1. Make up an array of the numbers 1 to 5. Put into a variable x.

In [9]:
# your answer: 
import numpy as np
x = np.array([x+1 for x in range(5)])
y = np.array([x+1 for x in range(5)]) + np.array([x+1 for x in range(5)])
y = np.array(list(y)+list(y))
y = np.concatenate((x,y))
y

array([ 1,  2,  3,  4,  5,  2,  4,  6,  8, 10,  2,  4,  6,  8, 10])

In [None]:
_ = ok.grade('q01')  # test that your answer is correct 

2. Write code that sets `y` to the vector created by adding 5 to each element of `x`. 

In [None]:
# Your answer: 
y = ...
y

In [None]:
_ = ok.grade('q02')  # test that your answer is correct 

# Is the 'for' loop obsolete? 

Sort of. Let's just say that there are very efficient ways to do things in `numpy` without `for` loops. I'm sure that you could tell me whether 7 is a member of y via a `for` loop. But you can also do that with `arrays` much more simply: 

3. (Advanced) Consider that `y` *is an iterable* and write an expression that is True if 7 is in `y`, and False if not. Put that value into `z`.

In [12]:
# your answer: 
if (y == 7).any(): 
    z = True 
else: 
    z = False 
z

False

In [14]:
z = (y == 7).any()
z

False

# Whoa there! 
The advanced problem shows that there are things about an `array` that are inherited from its status as something else. E.g., the following also works:

In [16]:
type(y)

numpy.ndarray

In [17]:
for i in y: 
    print(i)

1
2
3
4
5
2
4
6
8
10
2
4
6
8
10


# The treasure hunt
Most every common thing that you might want to do to an `array` with a `for` loop is easier to do with some `numpy.ndarray` function and/or some combination of those functions and native Python. A very large user community has gone to great expense to make using an `array` as simple as possible! 
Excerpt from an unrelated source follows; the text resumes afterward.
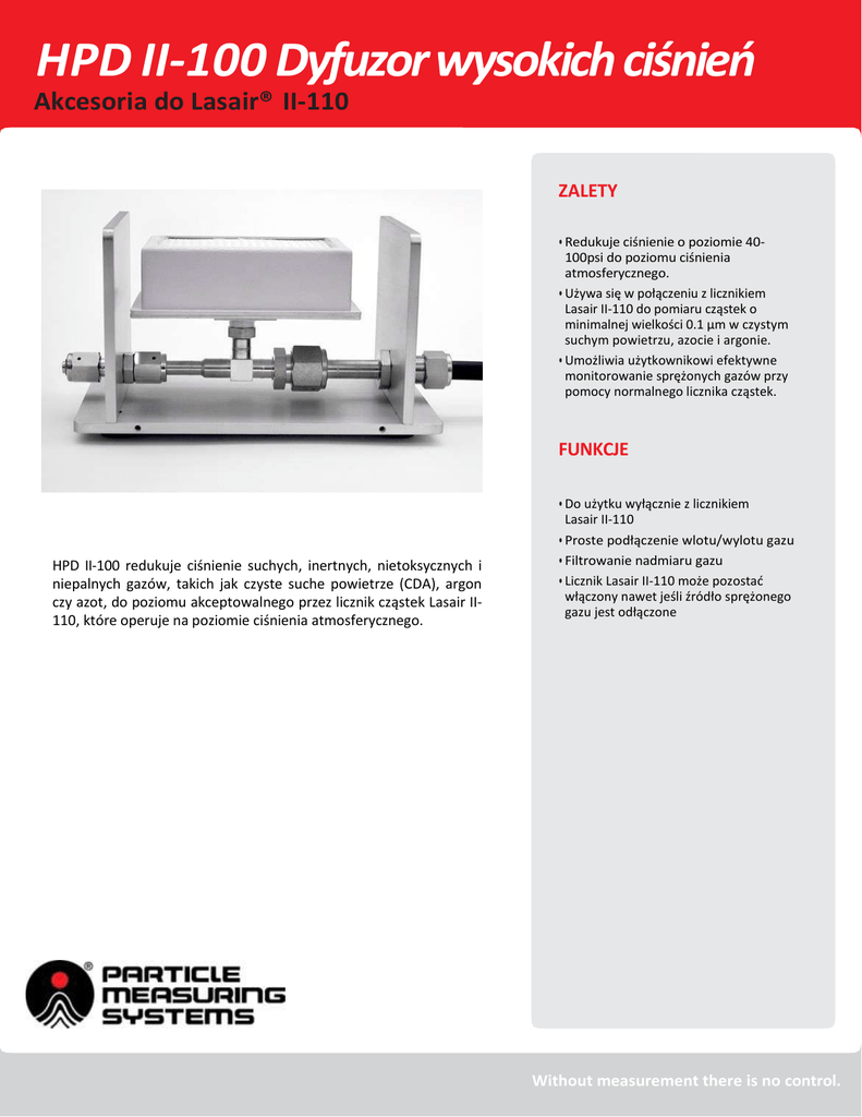 HPD II-100 Dyfuzor wysokich ciśnień Akcesoria do Lasair® II-110 ZALETY • Redukuje ciśnienie o poziomie 40100psi do poziomu ciśnienia atmosferycznego. • Używa się w połączeniu z licznikiem Lasair II-110 do pomiaru cząstek o minimalnej wielkości 0.1 µm w czystym suchym powietrzu, azocie i argonie. • Umożliwia użytkownikowi efektywne monitorowanie sprężonych gazów przy pomocy normalnego licznika cząstek. FUNKCJE HPD II-100 redukuje ciśnienie suchych, inertnych, nietoksycznych i niepalnych gazów, takich jak czyste suche powietrze (CDA), argon czy azot, do poziomu akceptowalnego przez licznik cząstek Lasair II110, które operuje na poziomie ciśnienia atmosferycznego. • Do użytku wyłącznie z licznikiem Lasair II-110 • Proste podłączenie wlotu/wylotu gazu • Filtrowanie nadmiaru gazu • Licznik Lasair II-110 może pozostać włączony nawet jeśli źródło sprężonego gazu jest odłączone Without measurement there is no control. HPD II-100 Dyfuzor wysokich ciśnień Akcesoria do Lasair® II-110 SPECYFIKACJA Zakres wielkości cząstek 0.1 µm – 1.0 µm Dopuszczalne gazy Suchy, inertny, nietoksyczny, niepalny (CDA, azot, argon) Ciśnienie gazu 40 – 100 psi Prędkość przepływu gazu 28.3 l/min Temperatura gazu 10 – 32 °C Wlot VCR-type, #4, 316-SS Wylot 3/8” ID z O-ringiem Wymiary 13 x 25 x 14 cm Waga 2.6 kg Lasair® is a registered trademark of Particle Measuring Systems, Inc. All other trademarks are the property of their respective owners. AUTHORIZED REPRESENTATIVE Przedstawiciel: UNI-EXPORT INSTRUMENTS POLSKA ul. Mickiewicza 48, 05-220 Zielonka © 2011 Particle Measuring Systems, Inc. All rights reserved. tel/fax (0-22) 771-86-01 e-mail: [email protected], www.uni-export.pl

What this means -- in practical terms -- is that it is often simpler to look around for a solution in the *numpy user manual* than to code it yourself. Thus, programming with `numpy` requires both knowledge of native Python and "treasure hunting" in the `numpy` documentation! 
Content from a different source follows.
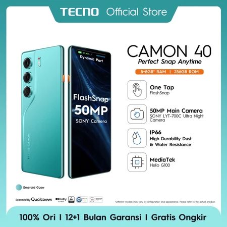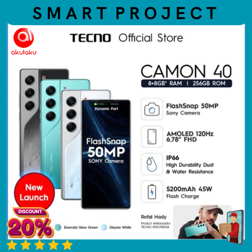 [FLASH SALE] TECNO CAMON 40 8+8GB*256 GB, 50MP Sony + 8MP Ultra Wide Camera, 32MP Front Camera, 120hz AMOLED, IP66

Let's have some fun with a few treasure hunts through https://docs.scipy.org/doc/numpy/reference/arrays.ndarray.html 

4. Complete the function below so that it always returns the sum of the one-dimensional array `x` passed to it. Beware: I will test it on multiple arrays `x`!

In [20]:
def mysum(x): 
    # your answer: 
    return np.sum(x)

In [21]:
# run this to check your code
mysum(np.array([1,2,3,4,5]))

15

In [None]:
_ = ok.grade('q04')  # test that your answer is correct

5. In the function below, return a normalized set of data whose mean is 0.0, by subtracting the current mean from x. 

In [None]:
def renorm(x): 
    # your answer: 
    return ...

In [None]:
# run this to check your code
x = np.array([5, 6, 7, 8, 9])
renorm(x)

In [None]:
_ = ok.grade('q05')  # test that your answer is correct

6. (Advanced) What happens if you try to do the same things you did to arrays to lists? 

___Your answer:___

# When you are done with this notebook, 
* Save and checkpoint. 
* Ensure that the name of this file is precisely `03-01-data-abstraction.ipynb`. That workbook will be submitted by the following code whether or not you are currently editing that workbook.
* Change `ready` to `True` in the cell below. 
* Run the cell below to submit your work for grading. 

In [None]:
ready = False  # change to True when ready to submit
print("submitting file {} for assignment {} as {}".format(ok.assignment.src[0], 
                                                          ok.assignment.name, 
                                                          ok.assignment.get_student_email()))
if not ready: 
    raise Exception("change ready to True when ready to submit")
_ = ok.submit()